Tue Apr 10 10:23:04 EDT 2012

On Apr 9, 2012, at 10:53 PM, Colin Scott wrote:

> 
> Yes, I accept that one might argue about whether the output is the HTML or the report.  I would incline to the former, on the grounds that if the HTML doesn't change then neither does the report, and if the HTML does then the report might (or might not).  I guess it depends, as you suggest, on how you create the HTML - and in general I don't disagree with anything you say.  I am sure you similarly understand where I am coming from ...  :-)
> 
> If my approach seems simplistic, then it is deliberately so.  I found over many years that it is unhelpful to introduce needless complexities, and that it is always easier to start simple and add the complexities one finds to be necessary, rather than starting complex and then finding that some of the initial complexity is superfluous.  This approach generally gave me more robust results, and got them quicker ...
> 
> Colin
> 
> -------- Original Message --------
> 
> *Subject:* spam,Re: spam,Re: Testing reports
> *From:* Colin Law <clanlaw at googlemail.com>
> *To:* gnucash at double-bars.net, gnucash-user at gnucash.org
> *Date:* Tue, 10 Apr 2012 13:26:49 +0100
> 
> On 10 April 2012 04:32, Colin Scott <gnucash at double-bars.net> wrote:
>> 
>>> Can one not find an html parser that will read the html into a DOM
>>> tree?  Then one could walk the tree comparing the tags, attributes,
>>> and contents with a DOM from a reference page.  That way minor
>>> changes in the html that do not change the resulting displayed page
>>> will be ignored.
>> 
>> I expect you are right, but I've never worked with HTML at that sort of level, so please pardon my ignorance!
>> 
>> Besides, I was making two points.  The first was that one needs to weigh the cost of what one is doing against the benefits.  If it's easy, then maybe it's worth doing - but maybe not, read on!  :-)
>> 
>> The second was that *ANY* change to the HTML output needs to be flagged and checked - if you have something that works, it shouldn't be changed at all unless there is a very good reason makding the change.  If the output changes, and the changed HTML is determined to be correct, then it should become the reference against which future test output is compared.  IMHO one should *NEVER* automatically accept a change in output without it having been thoroughly scrutinised and checked by a human!
> 
> It is a bit of a philosophical point really, but one could argue that
> the output from the software is a report rather than a chunk of html.
> What matters is what the report looks like, and if the Document Object
> Model has not changed then it will look the same whatever the details
> of the underlying html.  Using the DOM allows the test to relate to
> the end result, with tests such as "there should be a paragraph of a
> particular class containing particular text", rather then "there
> should be a string of the form <p class =......".
> I don't know how the html is generated in the code, if it uses an html
> library (or if at some point in the future it used an html library)
> then another issue could be that a newer version of the library might,
> for example, change the order of attributes in a tag.  A DOM based
> test would not care about this but for a text based one it would be a
> disaster.

You guys are forgetting about CSS's affect on the way a particular DOM is rendered.
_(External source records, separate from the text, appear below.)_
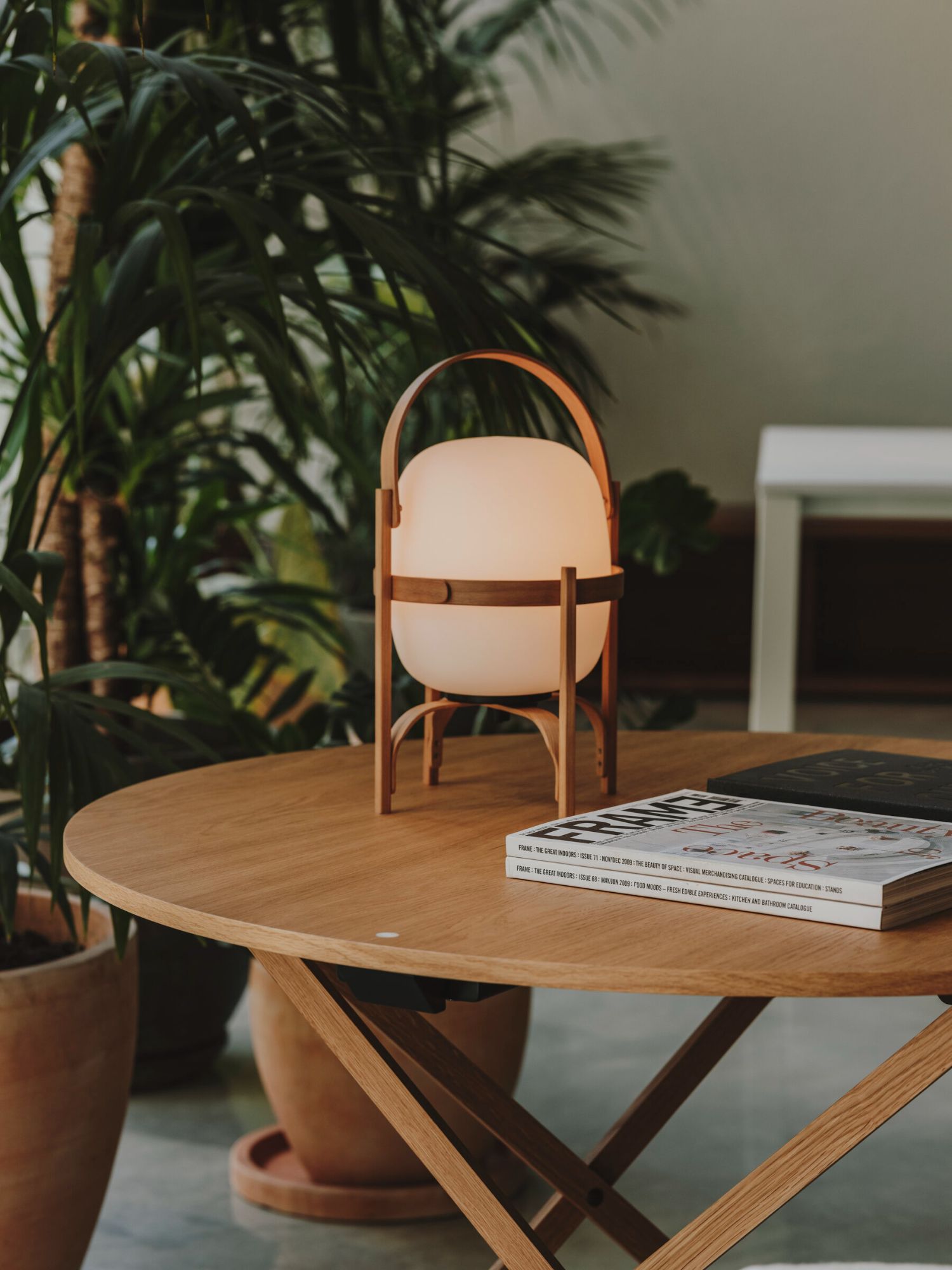 Cestita Batería es el nuevo miembro de la familia Cesta: una versión portátil e inalámbrica. Con esta nueva versión, las características de la lámpara se mejoran con la ayuda de la tecnología. Manteniendo el espíritu cálido de la familia, presenta una pantalla de vidrio opal con el apoyo de una hermosa estructura de madera de cerezo. Es producido manualmente por artesanos europeos, utilizando técnicas tradicionales de doblado al vapor para la madera, y técnicas de soplado de vidrio para su sombra de ópalo. Cestita batería es una linterna que crea un ambiente hermoso en cualquier lugar; representando sombras chinas en el jardín, o emanando luz de cualquier esquina.
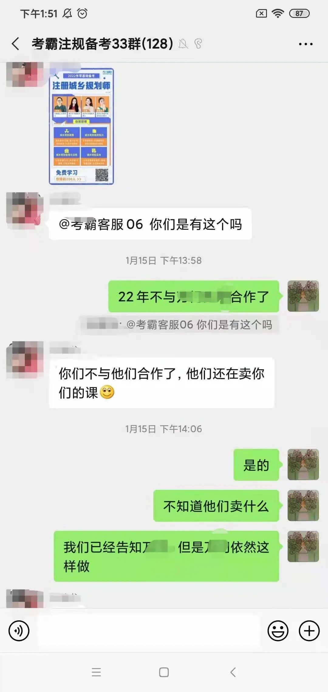 今年初大家在朋友圈看到这张海报时,W的暴雷已经在考霸团队的预判中,此前考霸的工作人员就严肃告知W方,2022年注册城乡规划师课程的合作协议尚未签订,全网发出的广告海报已经涉嫌欺骗,截止目前不知有多少小伙伴因为广告购买了W门平台21年或22年的注规课程。
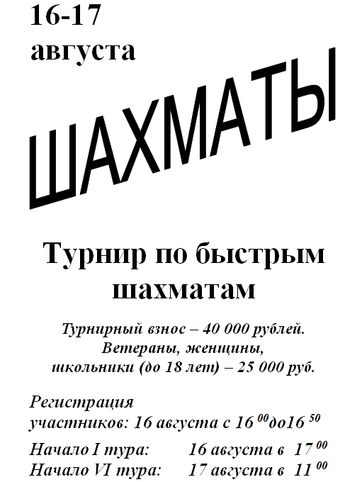 16-17 августа в столичном РЦОПе (ул. К.Маркса, 10) пройдет турнир по быстрым шахматам.

That can make a huge difference in appearance. Play around a bit with http://www.csszengarden.com/ to see what I mean (or just for fun, it's an awesome demo!)
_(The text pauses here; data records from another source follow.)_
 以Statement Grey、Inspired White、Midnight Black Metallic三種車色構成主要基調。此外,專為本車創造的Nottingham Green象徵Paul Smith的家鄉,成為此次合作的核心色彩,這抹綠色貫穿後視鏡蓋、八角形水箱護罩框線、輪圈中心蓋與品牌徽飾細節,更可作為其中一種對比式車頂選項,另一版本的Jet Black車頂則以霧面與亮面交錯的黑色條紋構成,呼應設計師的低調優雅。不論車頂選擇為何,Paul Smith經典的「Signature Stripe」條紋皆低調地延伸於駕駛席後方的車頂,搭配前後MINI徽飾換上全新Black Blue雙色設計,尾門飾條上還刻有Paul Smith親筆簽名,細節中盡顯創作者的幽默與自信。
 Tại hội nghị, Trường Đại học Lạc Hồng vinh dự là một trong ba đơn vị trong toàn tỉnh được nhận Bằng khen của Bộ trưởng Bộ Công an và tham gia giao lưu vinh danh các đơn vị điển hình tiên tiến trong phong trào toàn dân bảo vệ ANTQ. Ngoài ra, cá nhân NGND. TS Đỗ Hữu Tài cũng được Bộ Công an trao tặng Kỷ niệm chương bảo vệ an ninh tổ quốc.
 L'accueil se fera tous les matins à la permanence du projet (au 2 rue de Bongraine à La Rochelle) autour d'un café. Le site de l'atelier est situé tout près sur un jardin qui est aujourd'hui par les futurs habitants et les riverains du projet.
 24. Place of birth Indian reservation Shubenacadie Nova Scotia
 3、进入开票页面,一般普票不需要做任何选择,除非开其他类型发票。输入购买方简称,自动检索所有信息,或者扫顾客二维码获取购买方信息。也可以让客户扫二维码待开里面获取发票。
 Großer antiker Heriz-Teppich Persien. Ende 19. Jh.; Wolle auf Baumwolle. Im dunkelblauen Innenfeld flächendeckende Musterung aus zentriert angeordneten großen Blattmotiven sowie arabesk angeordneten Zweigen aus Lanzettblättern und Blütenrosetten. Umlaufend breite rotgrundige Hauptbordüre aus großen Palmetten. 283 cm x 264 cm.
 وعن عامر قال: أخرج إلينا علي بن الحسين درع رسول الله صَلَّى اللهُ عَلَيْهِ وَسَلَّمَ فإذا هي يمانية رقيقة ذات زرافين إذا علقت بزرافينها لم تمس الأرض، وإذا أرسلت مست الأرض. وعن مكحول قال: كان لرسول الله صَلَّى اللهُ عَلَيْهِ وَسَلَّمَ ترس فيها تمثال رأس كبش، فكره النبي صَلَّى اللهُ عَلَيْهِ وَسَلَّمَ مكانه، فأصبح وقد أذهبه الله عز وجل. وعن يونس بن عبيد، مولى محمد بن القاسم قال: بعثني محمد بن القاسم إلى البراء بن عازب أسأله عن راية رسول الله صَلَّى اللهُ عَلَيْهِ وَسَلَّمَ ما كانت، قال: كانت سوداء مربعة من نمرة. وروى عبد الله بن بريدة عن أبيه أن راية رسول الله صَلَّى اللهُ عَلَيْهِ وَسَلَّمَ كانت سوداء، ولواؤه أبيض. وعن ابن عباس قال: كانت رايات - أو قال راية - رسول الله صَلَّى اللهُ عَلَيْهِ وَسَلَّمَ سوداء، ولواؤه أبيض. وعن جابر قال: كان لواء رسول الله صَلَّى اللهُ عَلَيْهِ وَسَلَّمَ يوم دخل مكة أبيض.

An easy way to test the HTML without worrying about tag case or extraneous whitespace is to use HTML Diff [1] against a canned comparison document. That will get us close enough for a first order test, I think. Anyone got time to code something up?
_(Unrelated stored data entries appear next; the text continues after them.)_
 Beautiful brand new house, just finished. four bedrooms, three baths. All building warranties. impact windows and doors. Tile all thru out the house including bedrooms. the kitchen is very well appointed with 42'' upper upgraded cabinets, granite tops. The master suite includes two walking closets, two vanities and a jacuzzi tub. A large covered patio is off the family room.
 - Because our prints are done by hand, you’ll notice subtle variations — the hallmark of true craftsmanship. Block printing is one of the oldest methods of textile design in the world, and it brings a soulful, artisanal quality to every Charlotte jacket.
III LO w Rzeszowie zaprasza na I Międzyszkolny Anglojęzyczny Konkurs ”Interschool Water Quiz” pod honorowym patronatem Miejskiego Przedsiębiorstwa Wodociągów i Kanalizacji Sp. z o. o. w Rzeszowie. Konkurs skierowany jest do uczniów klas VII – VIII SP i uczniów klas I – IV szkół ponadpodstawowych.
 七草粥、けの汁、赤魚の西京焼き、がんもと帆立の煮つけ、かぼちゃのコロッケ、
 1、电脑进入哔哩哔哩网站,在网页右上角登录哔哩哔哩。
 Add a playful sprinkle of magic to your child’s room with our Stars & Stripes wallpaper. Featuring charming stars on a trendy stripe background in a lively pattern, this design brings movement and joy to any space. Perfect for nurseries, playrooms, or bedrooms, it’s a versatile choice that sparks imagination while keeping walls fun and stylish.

The talk about DOM gave me another idea: Since the html generator seems to be outputting XHTML transitional (at least it *says* it is), we can write a strict schema and then validate the output report against the schema. If it validates, it passes.

The HTML generation code is in src/report/report-system, is in Scheme, and appears from cursory inspection to be self-contained (meaning that it doesn't use an external library except for jqplot, which makes the graphs).

Regards,
John Ralls

[1] http://www.aaronsw.com/2002/diff/